ASSIGNED TASK: Every record must be given again word for word; no picture belongs in the copy.
[EXERCISE INPUTS Boundary: Start]
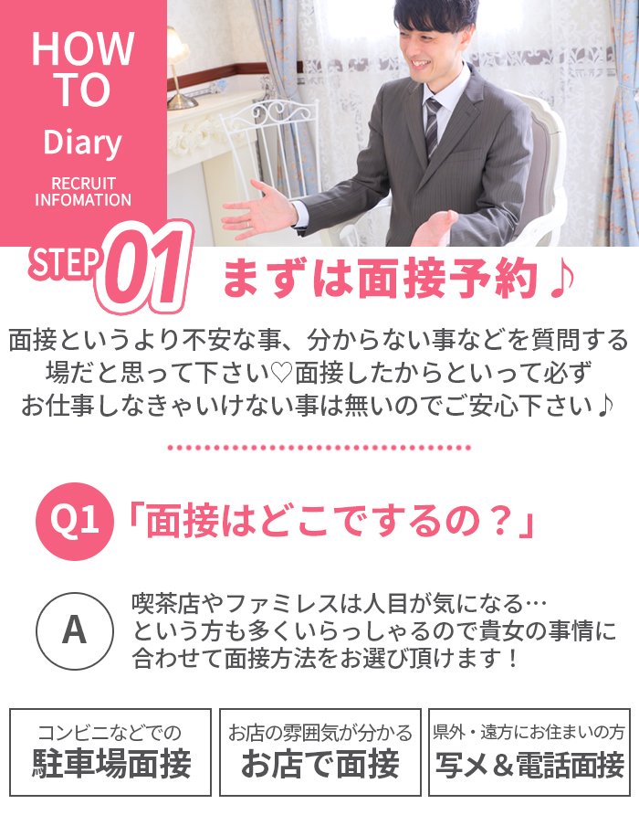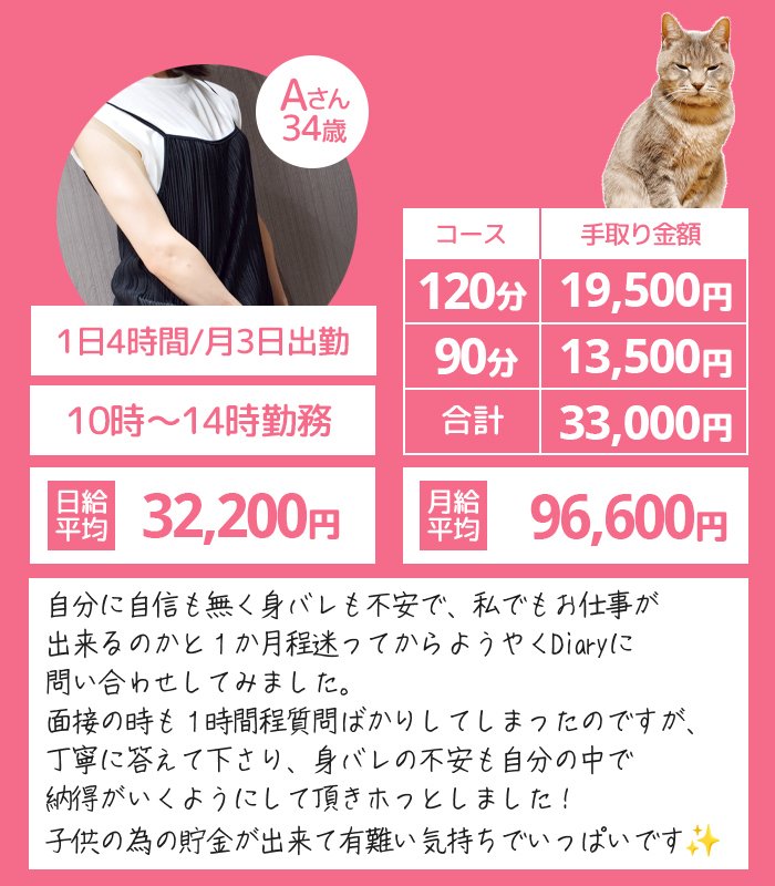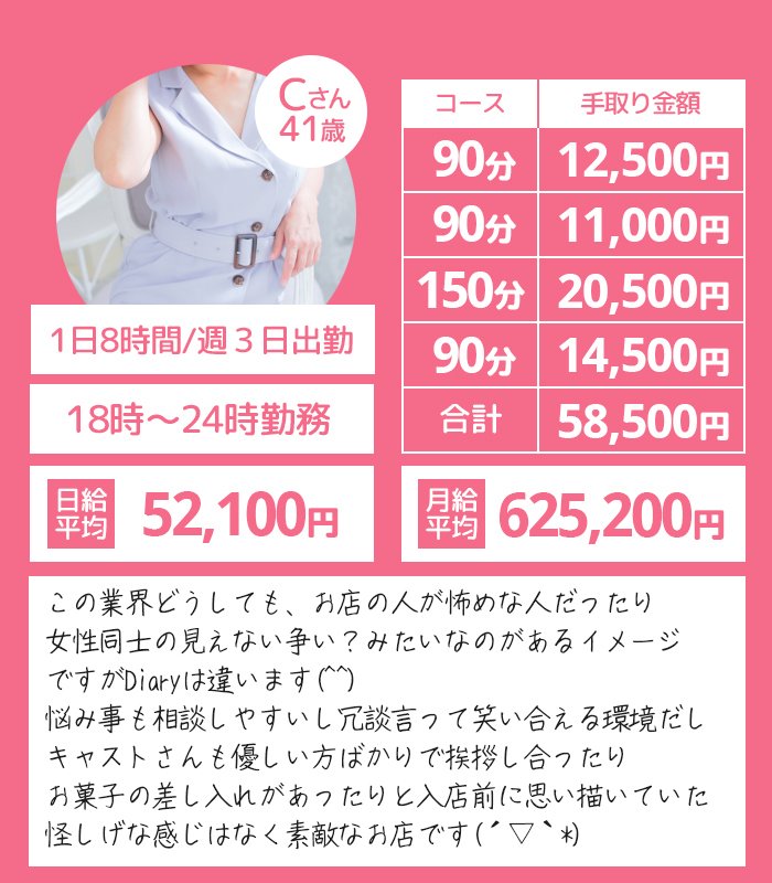diaryの良い所は一番は「人がイイところ」です♪客層も落ち着いた方が多く優しい人が多いです!短時間出勤でも稼がせていただいてます!人間関係に恵まれているお店かと思います。個々のライフスタイルに合わせて提案やアドバイスもくれるので働きやすいです!一緒に目標を持って行動してくれるのが嬉しいです。身バレ対応にもしっかり対応してくれます。店長さんの人柄も良く業界未経験さんにもおすすめなお店です^-^
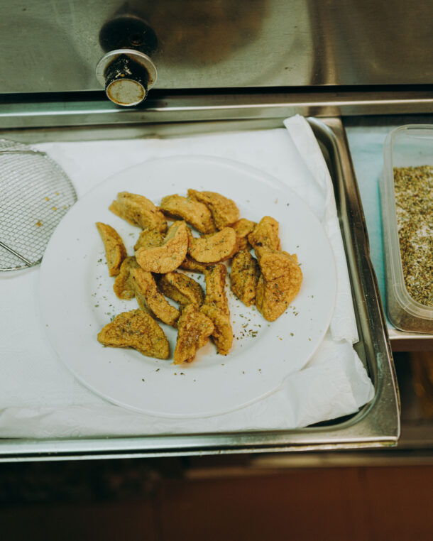 - Τη στραγγίζουμε και αυτή σε χαρτί κουζίνας.
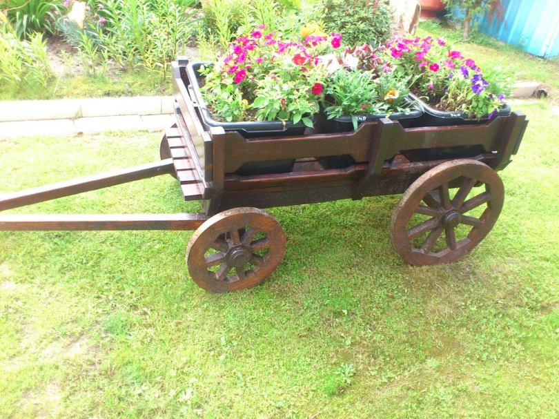 Вместо ящиков можно приобрести красивые горшки, которые размещают по периметру декоративной повозки. В горшки можно высадить как привычные сорта растений, так и экзотические оригинальные цветы.
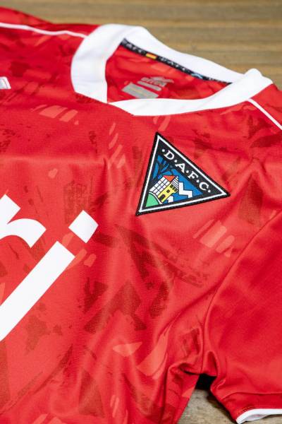 Crafted from 100% polyester, the garment features a traditional white V-neck collar. Furthermore, the internal back neck tape includes a tribute to the involvement of our DAFC Fussball GMBH investors in the club.
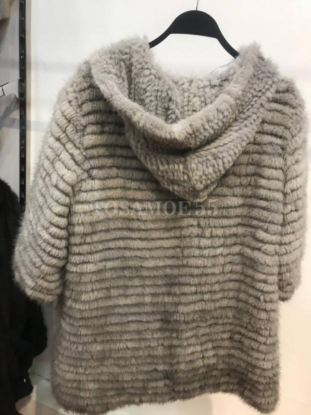 Серая жилетка из вязаной норки с капюшоном
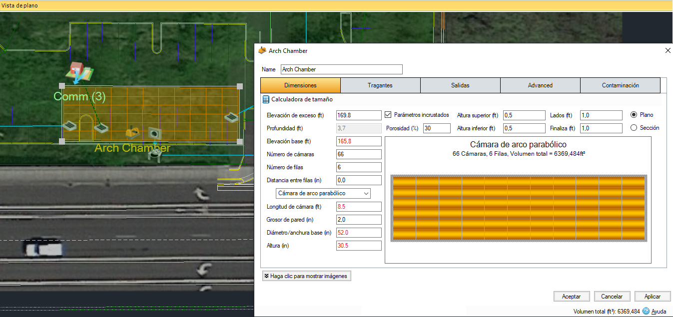 NUEVO control de aguas pluviales de cámara. Diseñe rápidamente cámaras circulares, rectangulares y de arco, o cree y reutilice cámaras personalizadas para almacenar aguas pluviales. Visualice las cámaras en el plano con las opciones de exportación a CAD y SIG disponibles.
[EXERCISE INPUTS Boundary: End]
TASK SOLUTION:
diaryの良い所は一番は「人がイイところ」です♪客層も落ち着いた方が多く優しい人が多いです!短時間出勤でも稼がせていただいてます!人間関係に恵まれているお店かと思います。個々のライフスタイルに合わせて提案やアドバイスもくれるので働きやすいです!一緒に目標を持って行動してくれるのが嬉しいです。身バレ対応にもしっかり対応してくれます。店長さんの人柄も良く業界未経験さんにもおすすめなお店です^-^
 - Τη στραγγίζουμε και αυτή σε χαρτί κουζίνας.
 Вместо ящиков можно приобрести красивые горшки, которые размещают по периметру декоративной повозки. В горшки можно высадить как привычные сорта растений, так и экзотические оригинальные цветы.
 Crafted from 100% polyester, the garment features a traditional white V-neck collar. Furthermore, the internal back neck tape includes a tribute to the involvement of our DAFC Fussball GMBH investors in the club.
 Серая жилетка из вязаной норки с капюшоном
 NUEVO control de aguas pluviales de cámara. Diseñe rápidamente cámaras circulares, rectangulares y de arco, o cree y reutilice cámaras personalizadas para almacenar aguas pluviales. Visualice las cámaras en el plano con las opciones de exportación a CAD y SIG disponibles.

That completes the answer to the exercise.